**Work order**
All the lines below need to be output exactly, apart from any images.

**Information shown**

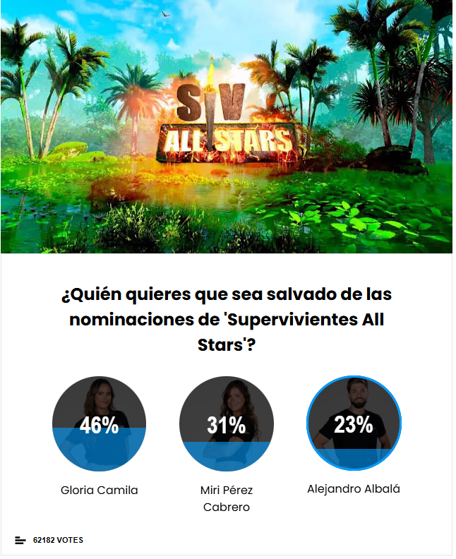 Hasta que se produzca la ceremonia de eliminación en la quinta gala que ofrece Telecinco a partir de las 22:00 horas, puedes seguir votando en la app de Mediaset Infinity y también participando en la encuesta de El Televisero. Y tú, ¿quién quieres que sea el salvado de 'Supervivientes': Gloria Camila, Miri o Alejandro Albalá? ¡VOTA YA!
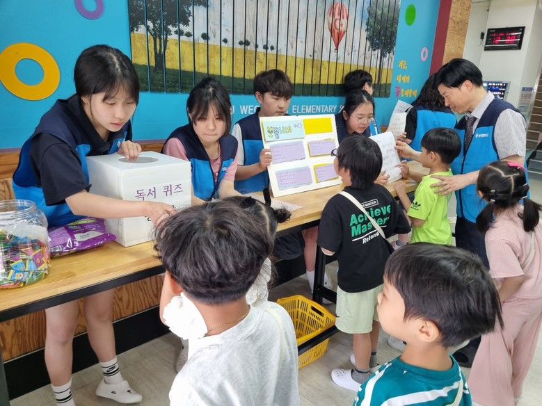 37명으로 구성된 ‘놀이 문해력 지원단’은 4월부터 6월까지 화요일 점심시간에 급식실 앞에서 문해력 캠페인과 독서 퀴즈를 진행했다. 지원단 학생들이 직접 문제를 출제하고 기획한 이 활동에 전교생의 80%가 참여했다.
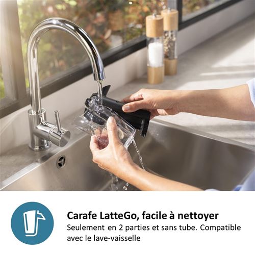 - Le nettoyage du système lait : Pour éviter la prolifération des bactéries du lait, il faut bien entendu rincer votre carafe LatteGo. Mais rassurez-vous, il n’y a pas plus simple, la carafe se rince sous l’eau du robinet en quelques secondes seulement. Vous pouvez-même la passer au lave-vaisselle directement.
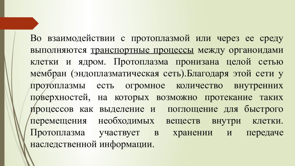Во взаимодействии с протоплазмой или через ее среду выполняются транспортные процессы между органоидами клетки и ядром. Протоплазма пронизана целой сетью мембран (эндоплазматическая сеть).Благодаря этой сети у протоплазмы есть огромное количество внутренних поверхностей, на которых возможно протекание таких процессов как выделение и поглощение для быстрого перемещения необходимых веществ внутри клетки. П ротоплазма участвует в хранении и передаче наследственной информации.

**Expected output**
 Hasta que se produzca la ceremonia de eliminación en la quinta gala que ofrece Telecinco a partir de las 22:00 horas, puedes seguir votando en la app de Mediaset Infinity y también participando en la encuesta de El Televisero. Y tú, ¿quién quieres que sea el salvado de 'Supervivientes': Gloria Camila, Miri o Alejandro Albalá? ¡VOTA YA!
 37명으로 구성된 ‘놀이 문해력 지원단’은 4월부터 6월까지 화요일 점심시간에 급식실 앞에서 문해력 캠페인과 독서 퀴즈를 진행했다. 지원단 학생들이 직접 문제를 출제하고 기획한 이 활동에 전교생의 80%가 참여했다.
 - Le nettoyage du système lait : Pour éviter la prolifération des bactéries du lait, il faut bien entendu rincer votre carafe LatteGo. Mais rassurez-vous, il n’y a pas plus simple, la carafe se rince sous l’eau du robinet en quelques secondes seulement. Vous pouvez-même la passer au lave-vaisselle directement.
Во взаимодействии с протоплазмой или через ее среду выполняются транспортные процессы между органоидами клетки и ядром. Протоплазма пронизана целой сетью мембран (эндоплазматическая сеть).Благодаря этой сети у протоплазмы есть огромное количество внутренних поверхностей, на которых возможно протекание таких процессов как выделение и поглощение для быстрого перемещения необходимых веществ внутри клетки. П ротоплазма участвует в хранении и передаче наследственной информации.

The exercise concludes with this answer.